| SUPPLIED DATA |

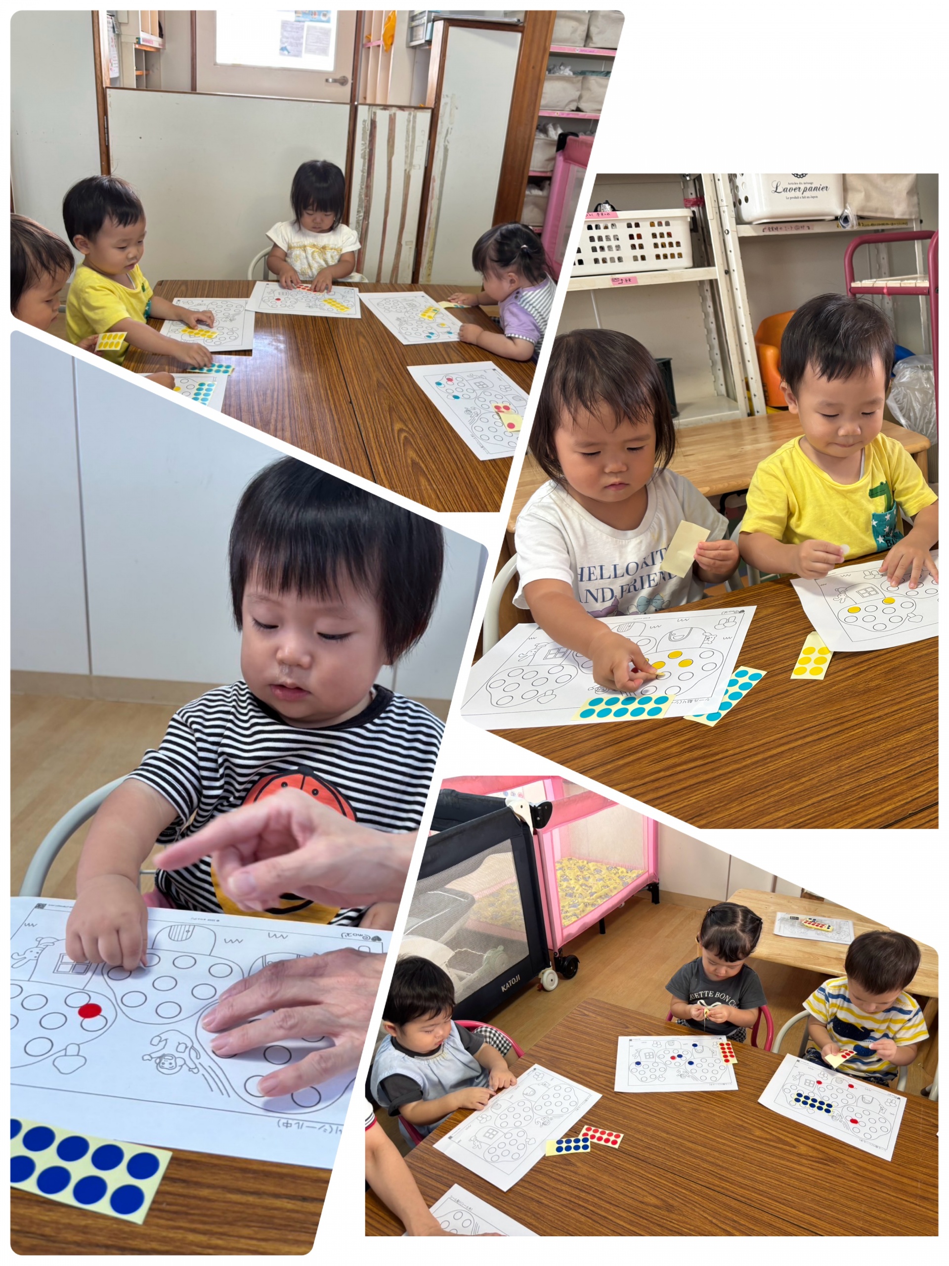 分園ぴんくさんはビー玉を絵の具に浸し、画用紙の上をコロコロ〜としてみました¨̮⃝ どんな作品ができるのか楽しみですね☆
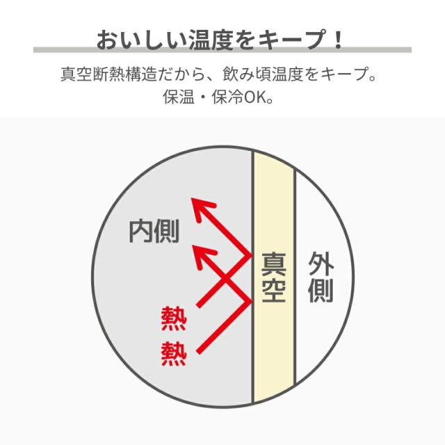真空断熱構造だから、飲み頃温度をキープ。保温・保冷OK。
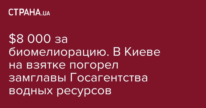 Вчера вечером, 6 марта, в Киеве при получении взятки в $8 000 был задержан заместитель главы Госагентства водных ресурсов Украины.
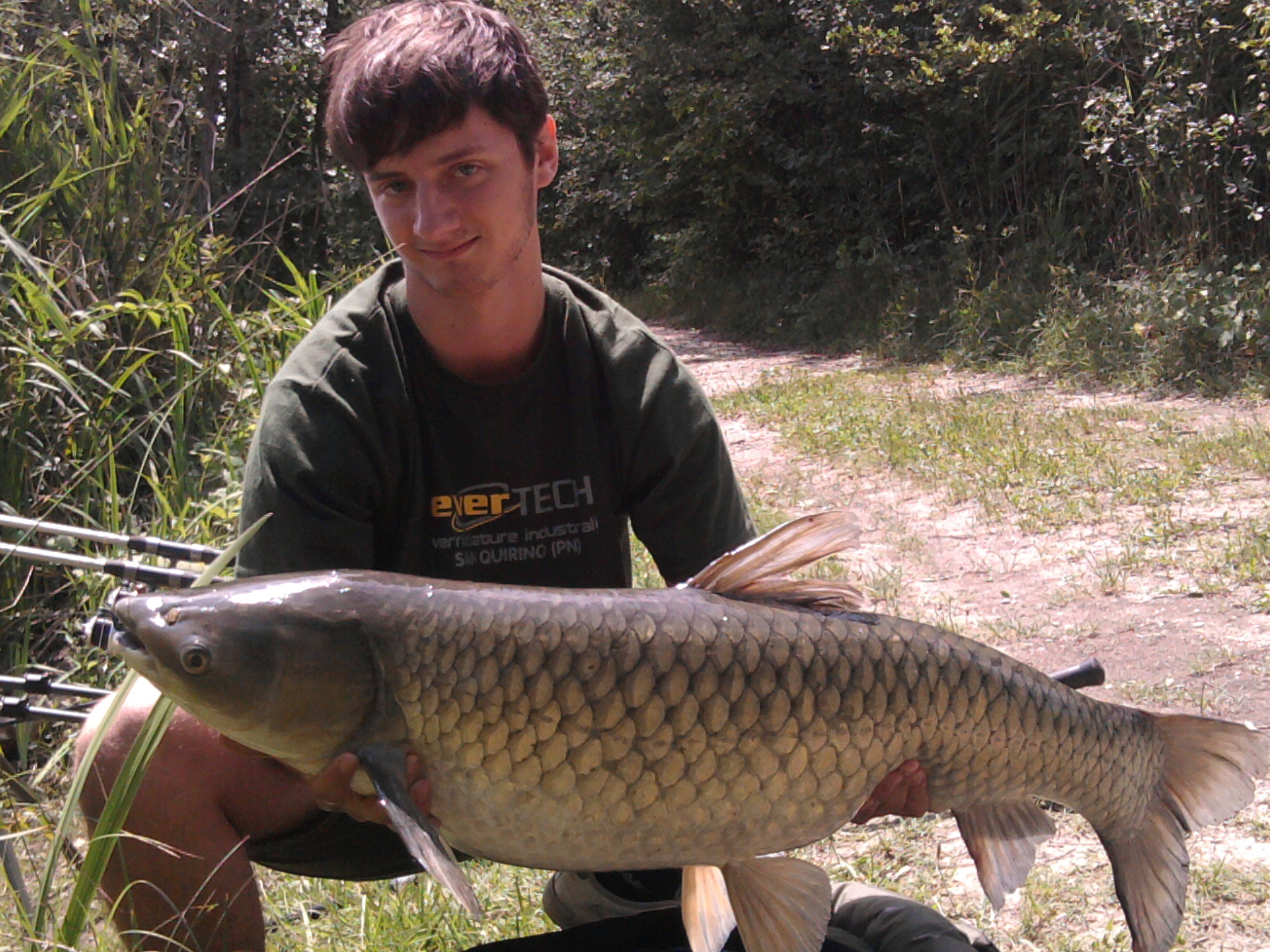 Dopo la pioggia e l'aria cosa può rovinare una giornata?? un albero...l'albero in acqua che avevo sotto riva dove a trovato rifugio il pesce...sembrava ormai andato...perso...incastrato la sotto...provo a sforzare l'uscita del pesce tenendo la canna alta..bassa ma niente...nn viene...decido di far predere il cucchiaione all'amico...con esso mi teneva giu le rame in parte alla postazione in modo che io potessi andare con la canna sopra l'albero...inizia a pompare il pesce verso la superficie rischiando qalcosina..ma.....si c'é l'abbiamo fatta é fuori dall'ostacolo.
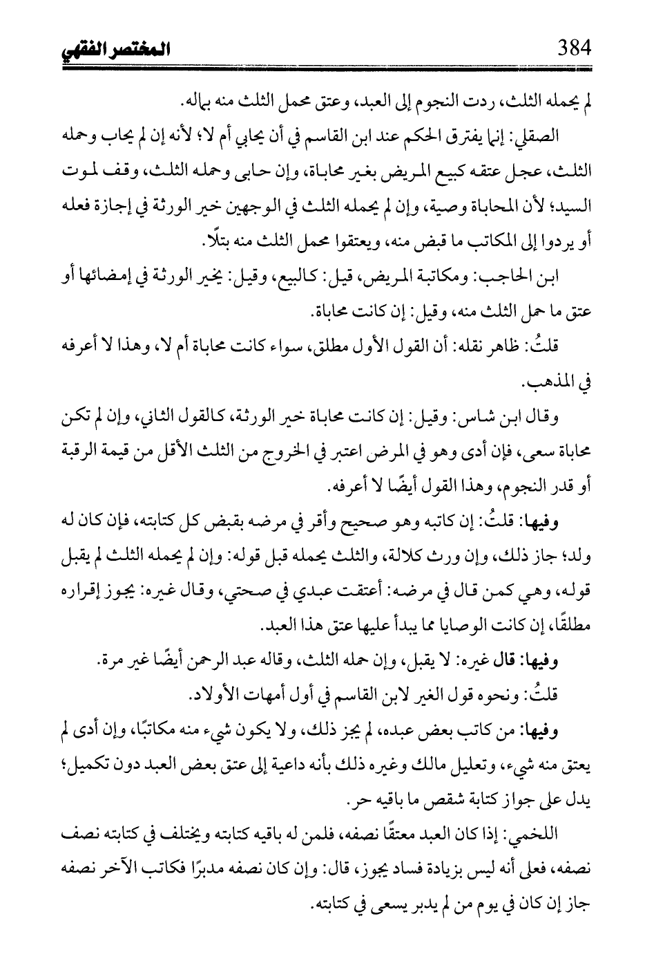 وقال ابن شاس: وقيل: إن كانت محاباة خير الورثة، كالقول الثاني، وإن لم تكن محاباة سعى، فإن أدى وهو في المرض اعتبر في الخروج من الثلث الأقل من قيمة الرقبة أو قدر النجوم، وهذا القول أيضاً لا أعرفه.
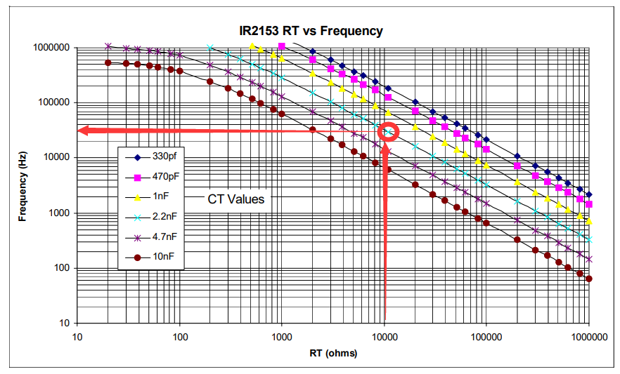In my case, the IR2153 was configured with a 10KΩ/2.2nF combo for the oscillator. According to its datasheet, that would give a working frequency of about 30kHz:
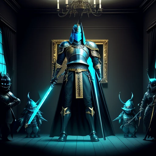 black knight with gold sword at his side in a darck room. with monsters surrounding him. glowing cyan eyes all arownd him
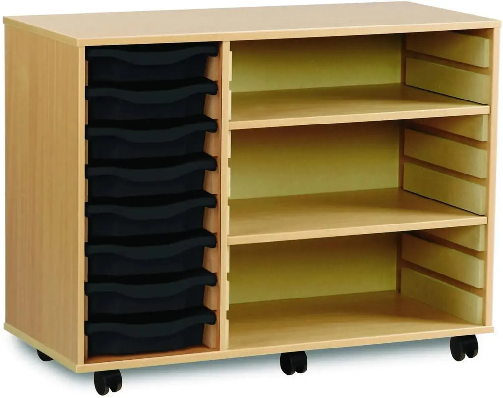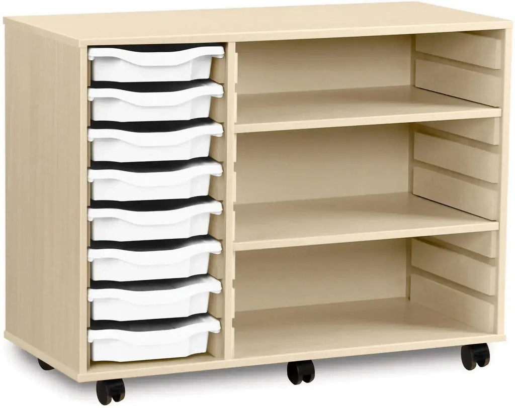 Constructed from durable 18mm MFC, the unit is available with a beech or maple carcass, providing a sleek and professional appearance. It comes equipped with eight shallow trays that can be customised in a range of colours or mixed combinations to suit your preferences. The two adjustable shelves offer flexible storage for larger or bulkier items, making the unit adaptable to a variety of needs.
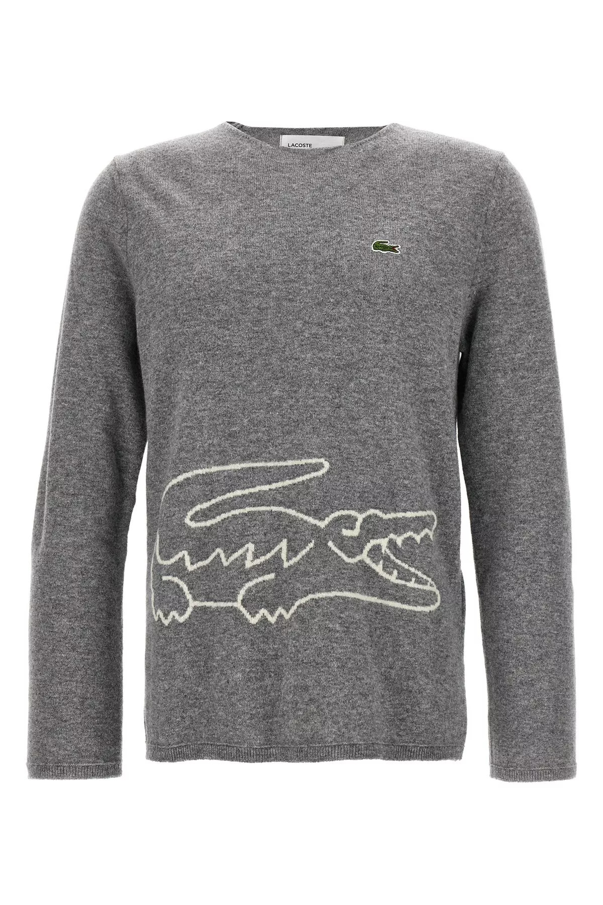cod. FLN003W233 Comme Des Garcons x Lacoste wool, crewneck sweater with intarsia and logo patch. Color: Gray Size & Fit: true to size fit Composition: 100% wool
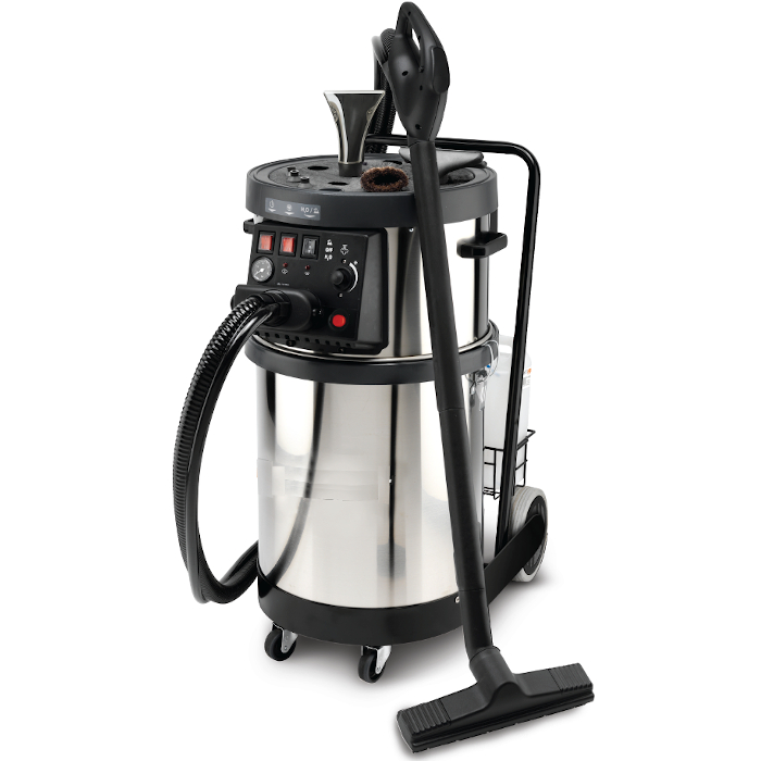 Peso: 34,5 kg. Cuerpo de acero inoxidable AISI 304. Indicador luminoso de vapor listo. Caldera 3kW de acero inoxidable AISI 304 - Espesor 25/10. Indicador de bajo nivel de agua. Alimentación continua de la caldera desde el depósito previsto al efecto. Dispositivo para el uso de productos químicos mezclados con vapor. Dispositivo de lavado con agua caliente mezclada con vapor. Filtro lavable. Tubo flexible 4 m. Capacidad depósito de recuperación 64 l. Tubo de drenaje de líquidos. Regulación del flujo de vapor. Ruedas adecuadas para su uso en ambientes alimentarios. Interruptor principal ON/OFF con indicador luminoso de encendido. Interruptor de la caldera ON/OFF con indicador luminoso de encendido.
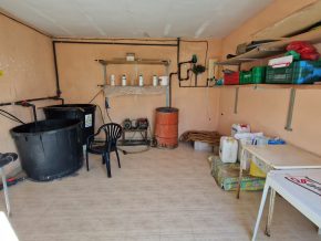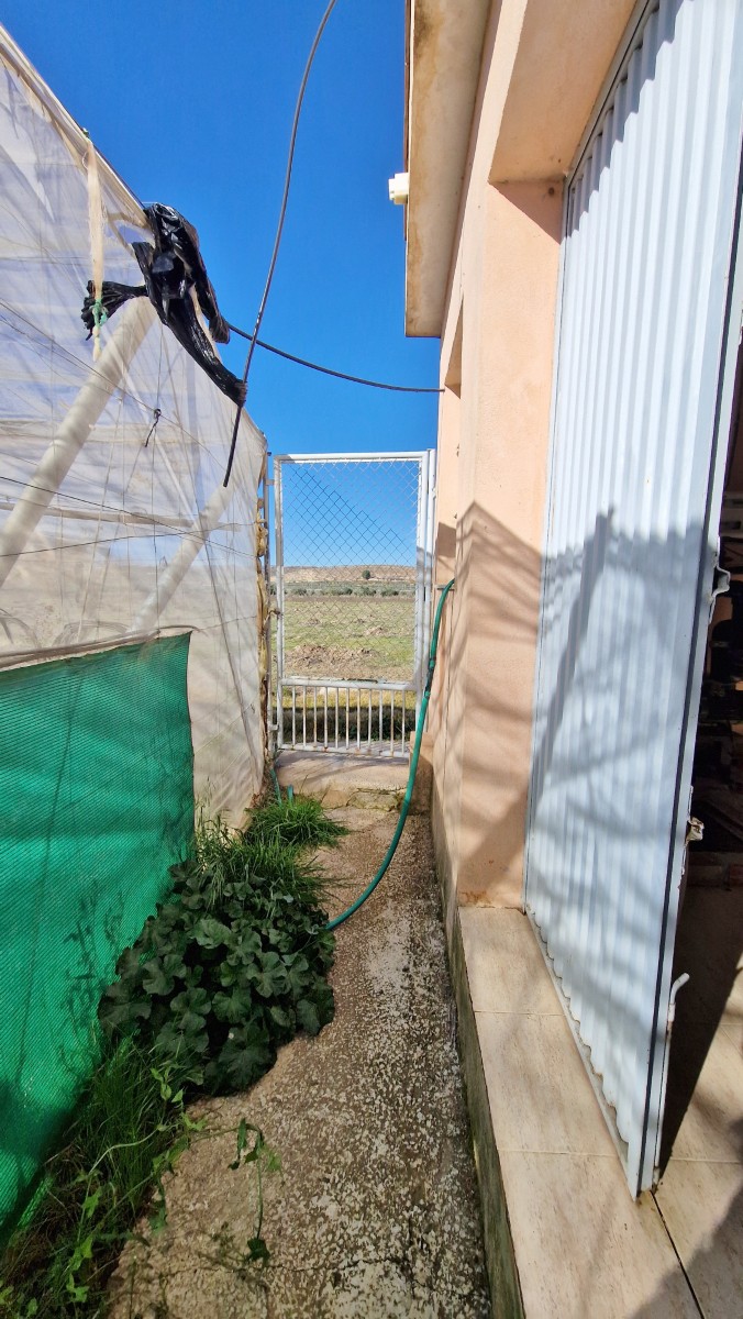 A passage to the side of the house leads to the rear, where there is an additional store room (5 x 4m) where all the irrigation equipment is kept for the production of crops in the greenhouse area.
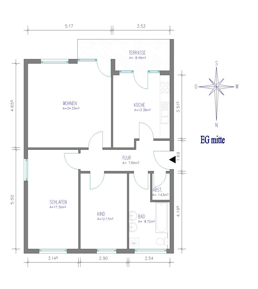 Auf die Terrasse gelangen Sie über die Küche oder über das Wohnzimmer.Im Flur steht Ihnen ein kleiner Abstellraum zur Verfügung.
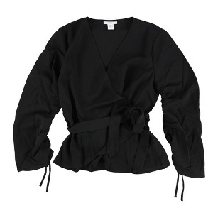 bar III Womens Ruched Wrap Knit Blouse - 1 of 2
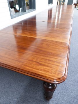 Exceptionally large Maple & Co Ltd mahogany campaign dining or boardroom table, with screw in reeded legs with brass and ceramic castors, quadruple wind out mechanisms, 14 additional leaves and broad arrow ministry marks to underside of frame, W153 x H75cm x maximum length 816cm
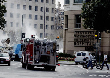 發生大火的街道位于喬治·華盛頓大學醫院的新樓和舊樓之間,距離白宮不到一公里。大火發生后,這家醫院的工作人員疏散了非急需的工作人員和來訪者,并把重點護理病人轉移到離大火最遠一側的病房。
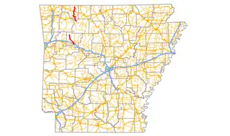 - ^ Transportation Planning and Policy Division (September 17, 2021). State Highway Route and Section Map, Carroll County, Arkansas (PDF) (Map). 1:62,500. Little Rock: Arkansas Department of Transportation. Retrieved April 14, 2022.
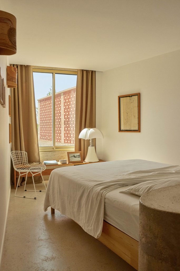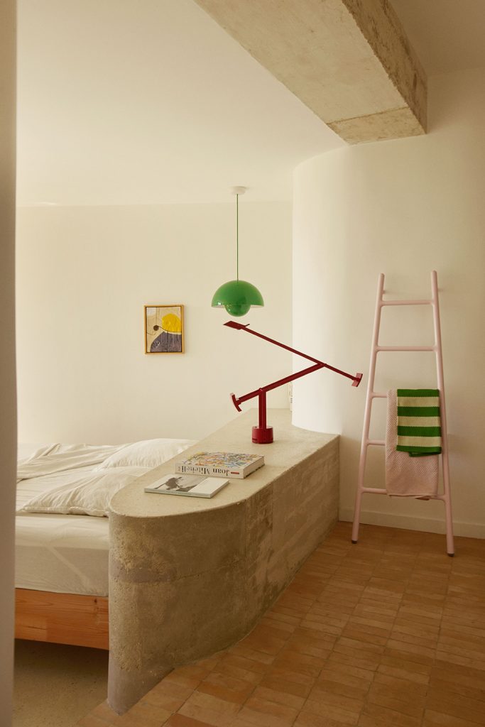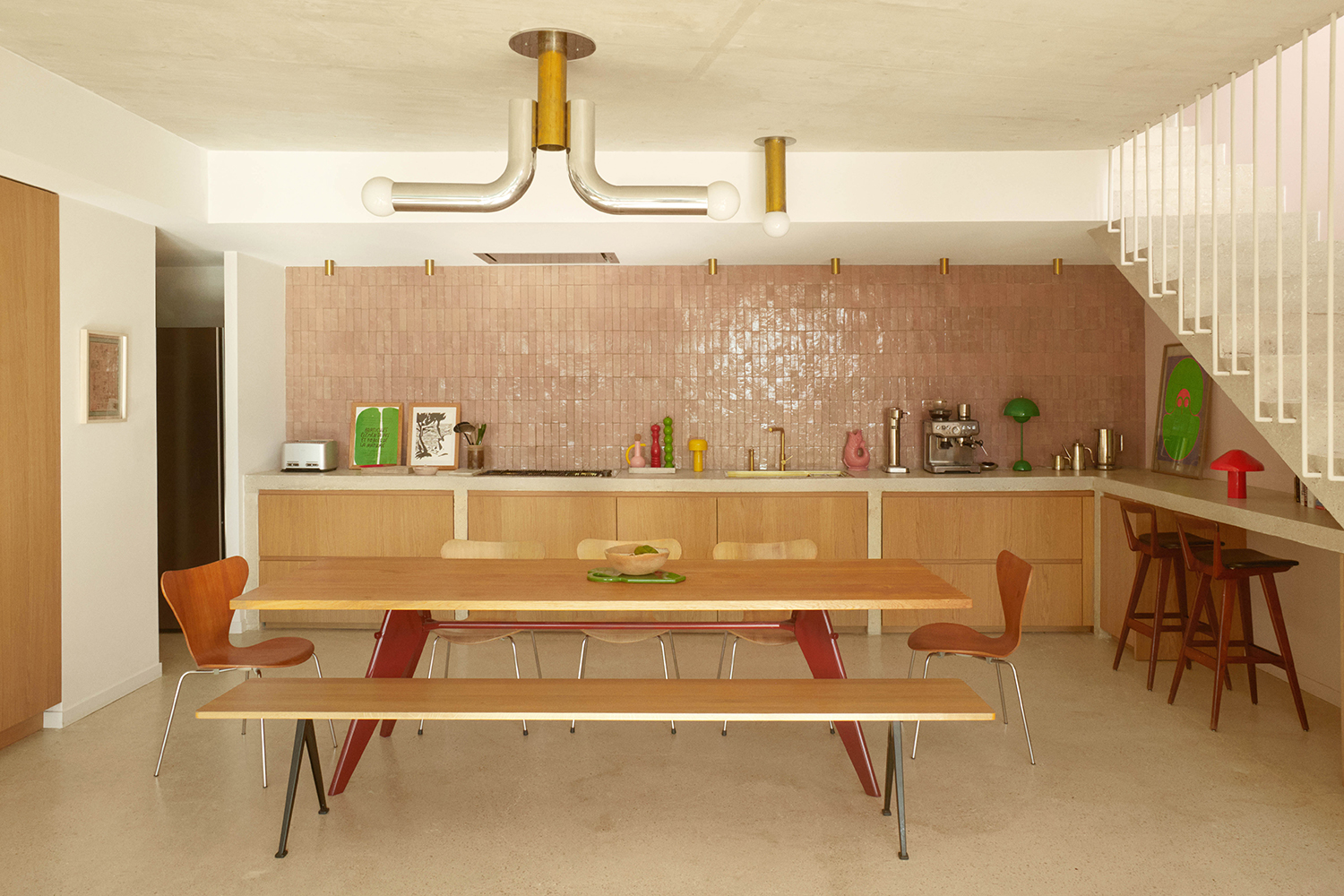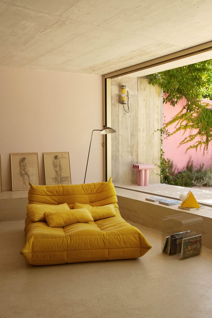 The living areas sit lower in the plan, opening wide to a courtyard framed in pink render, green zelliges and a still pool that acts as a mirror to the surrounding greenery. It’s a pocket of near-tropical colour that sharpens the home’s material expression and anchors it in Marseille’s coastal light.
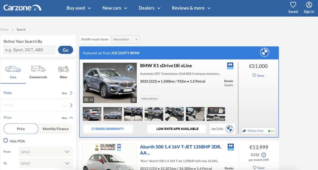 The major benefit of Carzone.ie that you can see not only dealers’ offers but also cars from private sellers. You can even choose the option to see only private deals.

| WHAT YOU NEED TO DO |
Repeat the exact lines from the first line of the data through the line containing "Вчера вечером, 6". Nothing else, no pictures.

| OUTPUT FOR THIS EXERCISE |
 分園ぴんくさんはビー玉を絵の具に浸し、画用紙の上をコロコロ〜としてみました¨̮⃝ どんな作品ができるのか楽しみですね☆
真空断熱構造だから、飲み頃温度をキープ。保温・保冷OK。
 Вчера вечером, 6 марта, в Киеве при получении взятки в $8 000 был задержан заместитель главы Госагентства водных ресурсов Украины.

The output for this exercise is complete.